Rocks DB: One of tool to achieve lowest latency

Rocks DB: One of tool to achieve lowest latency

Before we begin, if you are looking out to use RocksDB in your project then you are at right place, here in this article we are trying to cover one must know features of RocksDB. Article is quick summary of rocksdb. Article doesn't deep dive into intricate details, just setting an expectations here.

Let's begin now...

Client facing applications demands lightning speed real time latency, accessing data over the network can slowdown the response time at least by network roundtrip and IO. Applications cares to not lose fraction millisecond has to do something about network consuming latency as it's dominating factor.

  1. One option is to optimize network which is not fairy tail game.
  2. Second option could be to choose architecture which eliminate network itself and move database close to application


In a client-server architecture where the database is hosted on an SSD, nearly half of the time is consumed by network latency, making it a significant bottleneck. The relative impact of this latency can vary based on hardware and network configurations. One potential solution to mitigate this issue is to implement a faster network.

Client-Server Architecture

Another solution to problem is to completely remove the network from architecture and move the storage near to application.

Architecture which eliminate network itself.

Will this model fits perfect in all applications? Well answer is No! you have to take concise decision based on your application use case.

What RocksDB is not?

  • Not Distributed
  • No failover
  • Not highly available, if machine dies you lose your data (with ephemeral storage)


Write Request Path

  • Write Ahead Log (WAL): When a write request (put, delete, or update) is made, the data is first written to the Write Ahead Log (WAL) to ensure durability. This log helps in recovery in case of a crash.
  • MemTable: After writing to the WAL, the data is added to the active MemTable, which is an in-memory sorted table. This allows for fast writes and reads of recent data.
  • Flush to SST Files: When the MemTable becomes full, it is frozen and written to disk as an immutable SST file. This process is called flushing. During flushing, the data is sorted and written in a format optimized for read performance.
  • Compaction: Over time, multiple SST files accumulate. RocksDB periodically merges these files through a process called compaction. Compaction reduces the number of SST files, reclaims space from deleted entries, and maintains read efficiency by organizing data into levels.

Write path

Read Request Path

  • Active MemTable: The read operation starts by checking the MemTable, an in-memory data structure where recent writes are stored.
  • Immutable MemTables: If the key is not found in the active MemTable, RocksDB checks any immutable MemTables, which are previous MemTables that have not yet been flushed to disk.
  • Block Cache: If the key is not found in the MemTables, the block cache is checked. The block cache stores frequently accessed blocks of data from SST files (Sorted String Tables).
  • SST Files: If the key is not in the block cache, the read operation proceeds to the SST files on disk.
  • Bloom Filters: For each SST file, RocksDB uses Bloom filters to quickly determine if the key might be present in the file, which helps avoid unnecessary reads.

Read Path


Can we create tables in RocksDB like in other relational databases?

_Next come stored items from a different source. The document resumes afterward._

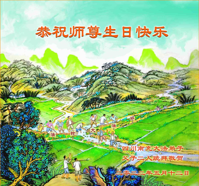 四川南充大法弟子父子二人恭祝师尊生日快乐!同贺法轮大法日!
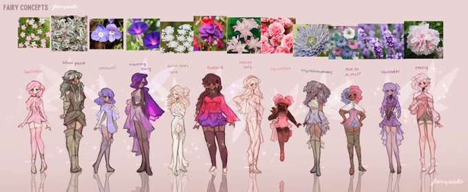 3rd times the charm!! fairies based off of flowers, thanks for suggestions! zoom in and tell me your favorite one >ᴗ<🌸🌷🌿 #fairy #fantasy #conceptart
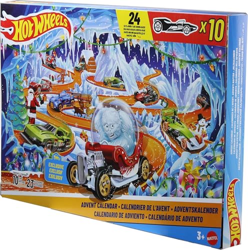 Hot Wheels Toy Cars & Playset, 2026 Advent Calendar with 10 Vehicles in 1:64 Scale, 14 Winter-Themed Accessories & 10 Ornament Clips, JLG41
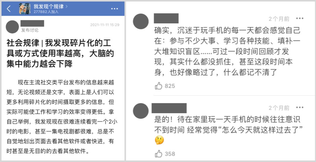 豆瓣小组“我发现个规律”中,也有不少组员意识到,碎片化工具看似让自己更方便地摄入更多信息,但反而降低了自己做事情的效率和记忆力。时间究竟是怎么过去的,自己也想不起来。
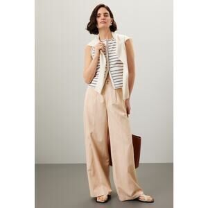 The MADEWELL Beige Tan Wide-Leg Pants in Size 14 offer a laid-back yet polished look with their relaxed fit and easy drape. Crafted from soft, breathable fabric, they feature a button-front closure that adds a touch of structure to the effortless silhouette. The wide-leg design provides comfort and movement, making them perfect for all-day wear. Subtle pleating at the waist enhances the relaxed style while keeping it refined. The neutral beige tan hue ensures versatile pairing with everything from casual tees to tailored blouses. A go-to piece for chic, everyday dressing.

RocksDB has column family handler which is logical partition of key-value pairs. You can create multiple column family handlers and insert/read key-value pairs. To conclude the answer, Yes, in a way column family handler serve the same purpose as tables.

For intricate details - refer

What happens if the machine crashes while the application is running?

You will lose the database. You need to have your own ways to backup the database to durable storage. One way could be to backup database on some interval to durable storage and on crash restore database back on application startup. Application needs to be resilient enough to handle missing data scenarios and start from the last consistent state.

To know more details about backup - refer

How to retrieve data from RocksDB?

Here are several ways to retrieve data from RocksDB

  1. Get Operation - The get operation retrieves a value for a specific key.
  2. MultiGet Operation - The multiGet operation retrieves values for multiple keys at once.
  3. Iterators - Iterators allow sequential access to the key-value pairs in the database.
  4. Prefix Seek - Prefix Seek allows efficient range queries by seeking to a specified prefix.

Does RocksDB support Indexing?

RocksDB does not natively support indexing, it is flexible enough to allow developers to build and manage their own indexing mechanisms tailored to their application's requirements. Sample custom indexing demonstrated as below.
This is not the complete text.